- Purquil Location on the map of Bangladesh
- Coordinates: 23°46′51″N 91°05′00″E﻿ / ﻿23.780757°N 91.083451°E
- Country: Bangladesh
- Division: Chattogram (Chittagong)
- District: Brahmanbaria
- Upazila: Kasba
- Union: 2 No. Mehari
- Ward: 8 No.

Government
- • Type: Local government
- • Body: Union council
- • UP Chairman: Mosharraf Hossain Morshed
- • Ward Member: Juwel Mia

Population
- • Total: 650
- Time zone: UTC+06:00 (Bangladesh Time)
- Postal code: 3460

= Purquil =

Purquil is a village in the east-central part of Bangladesh. It is located at Mehari Union of Kasba Upazila in Brahmanbaria District of Chittagong Division.

== Demography ==
According to the 2011 census, the total population of Purquil village is about 650. All the people in the village are followers of Islam.

== Location ==
It is bounded on the east by Kheora village, on the west by Ishan Nagar village, on the north by Jamuna village and on the south by Bahar Aata and Chaubepur villages. All the villages are located in Mehari Union.

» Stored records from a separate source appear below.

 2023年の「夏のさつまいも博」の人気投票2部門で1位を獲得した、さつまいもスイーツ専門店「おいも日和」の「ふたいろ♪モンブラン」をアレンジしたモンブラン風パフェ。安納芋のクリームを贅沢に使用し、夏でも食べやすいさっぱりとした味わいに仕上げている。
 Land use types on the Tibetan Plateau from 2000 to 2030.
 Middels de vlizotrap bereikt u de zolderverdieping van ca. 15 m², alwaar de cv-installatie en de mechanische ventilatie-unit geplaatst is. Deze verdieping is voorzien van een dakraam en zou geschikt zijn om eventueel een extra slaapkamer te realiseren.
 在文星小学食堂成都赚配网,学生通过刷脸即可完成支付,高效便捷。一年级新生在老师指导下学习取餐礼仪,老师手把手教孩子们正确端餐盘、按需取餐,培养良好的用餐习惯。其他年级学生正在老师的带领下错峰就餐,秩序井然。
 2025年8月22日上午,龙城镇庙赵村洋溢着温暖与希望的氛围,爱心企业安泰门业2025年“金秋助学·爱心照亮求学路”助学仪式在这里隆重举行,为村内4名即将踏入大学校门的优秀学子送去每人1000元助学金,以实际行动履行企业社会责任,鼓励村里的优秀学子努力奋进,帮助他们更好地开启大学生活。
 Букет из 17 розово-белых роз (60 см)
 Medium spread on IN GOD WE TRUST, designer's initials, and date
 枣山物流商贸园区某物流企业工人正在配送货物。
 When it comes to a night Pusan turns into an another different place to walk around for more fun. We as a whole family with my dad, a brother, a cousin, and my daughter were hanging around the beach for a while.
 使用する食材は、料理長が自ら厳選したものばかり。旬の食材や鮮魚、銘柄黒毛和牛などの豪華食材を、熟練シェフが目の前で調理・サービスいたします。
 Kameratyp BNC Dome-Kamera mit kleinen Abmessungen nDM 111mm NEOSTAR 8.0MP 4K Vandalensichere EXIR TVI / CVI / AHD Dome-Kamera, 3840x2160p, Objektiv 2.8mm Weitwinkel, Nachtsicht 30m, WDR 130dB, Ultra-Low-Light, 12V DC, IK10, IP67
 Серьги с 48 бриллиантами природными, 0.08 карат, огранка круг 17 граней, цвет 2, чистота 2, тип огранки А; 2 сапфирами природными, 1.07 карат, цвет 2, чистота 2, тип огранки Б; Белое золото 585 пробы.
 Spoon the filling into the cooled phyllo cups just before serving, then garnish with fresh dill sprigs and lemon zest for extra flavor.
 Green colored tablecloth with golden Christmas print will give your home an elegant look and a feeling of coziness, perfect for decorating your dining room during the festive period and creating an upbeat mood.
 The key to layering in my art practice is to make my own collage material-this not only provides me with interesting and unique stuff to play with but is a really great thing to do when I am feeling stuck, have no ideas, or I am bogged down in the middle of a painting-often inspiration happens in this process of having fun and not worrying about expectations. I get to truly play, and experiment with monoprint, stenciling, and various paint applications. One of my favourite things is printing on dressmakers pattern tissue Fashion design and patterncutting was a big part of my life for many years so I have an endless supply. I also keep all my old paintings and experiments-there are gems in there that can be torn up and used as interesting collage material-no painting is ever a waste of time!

A canal called Rajar Khal flows past the village of Purkuil, and a tributary of the Titas River flows not far from the village.

== Education and culture ==
There is a Fazil madrasa in the village called "Purquil Gausia Habibia Fazil Madrasa". There are also two Hafizia madrasas.

The village of Purkuil has three mosques and two Eidgahs for the Muslim community. There are two cemeteries in the village. There is also a small market in the village.